Llama-3.1-FoundationAI-SecurityLLM-Base-8B Technical Report
Paul Kassianik, Baturay Saglam, Alexander Chen, Blaine Nelson, Anu Vellore, Massimo Aufiero, Fraser Burch, Dhruv Kedia, Avi Zohary, Sajana Weerawardhena, Aman Priyanshu, Adam Swanda, Amy Chang, Hyrum Anderson, Kojin Oshiba, Omar Santos, Yaron Singer, Amin Karbasi
TL;DR
Foundation-Sec-8B presents a cybersecurity-specialized LLM built on Llama 3.1-8B, achieved via continued pretraining on a curated cybersecurity corpus. It demonstrates competitive performance against larger models on CTI-focused benchmarks (CTIBench, CyberMetric, SecBench) while preserving general knowledge on MMLU, and shows practical utility in SOC automation, threat modeling, and security engineering enablement. The work provides public checkpoints to accelerate adoption and emphasizes that domain-aware pretraining can enable smaller models to approach or match larger, general-purpose LLMs in domain-specific cybersecurity tasks. Together, these results highlight the value of targeted data curation and continued pretraining for deploying effective defense-oriented LLMs at modest parameter scales.
Abstract
As transformer-based large language models (LLMs) increasingly permeate society, they have revolutionized domains such as software engineering, creative writing, and digital arts.

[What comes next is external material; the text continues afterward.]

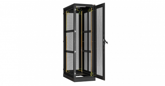 Напольный шкаф 19", 42U, перфорированные стенки и двери, Ш600хВ2060хГ1000мм, в разобранном виде, черный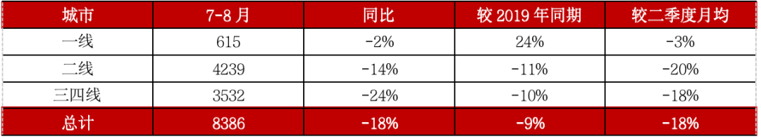 7-8月,全國(guó)100個(gè)重點(diǎn)城市商品住宅成交面積8386萬(wàn)平方米,較2020年和2019年同期分別下降18%和9%,月均成交面積相較二季度下降18%。其中,三四線下行加劇,24%的跌幅超百城平均。二線城市中,輪動(dòng)與分化現(xiàn)象在三季度愈發(fā)凸顯,此前沿海高熱城市受政策調(diào)控作用明顯降溫,小部分區(qū)域中心城市則初見(jiàn)翹尾行情。

However, their adoption in cybersecurity remains limited due to challenges like scarcity of specialized training data and complexity of representing cybersecurity-specific knowledge. To address these gaps, we present Foundation-Sec-8B, a cybersecurity-focused LLM built on the Llama 3.1 architecture and enhanced through continued pretraining on a carefully curated cybersecurity corpus. We evaluate Foundation-Sec-8B across both established and new cybersecurity benchmarks, showing that it matches Llama 3.1-70B and GPT-4o-mini in certain cybersecurity-specific tasks. By releasing our model to the public, we aim to accelerate progress and adoption of AI-driven tools in both public and private cybersecurity contexts.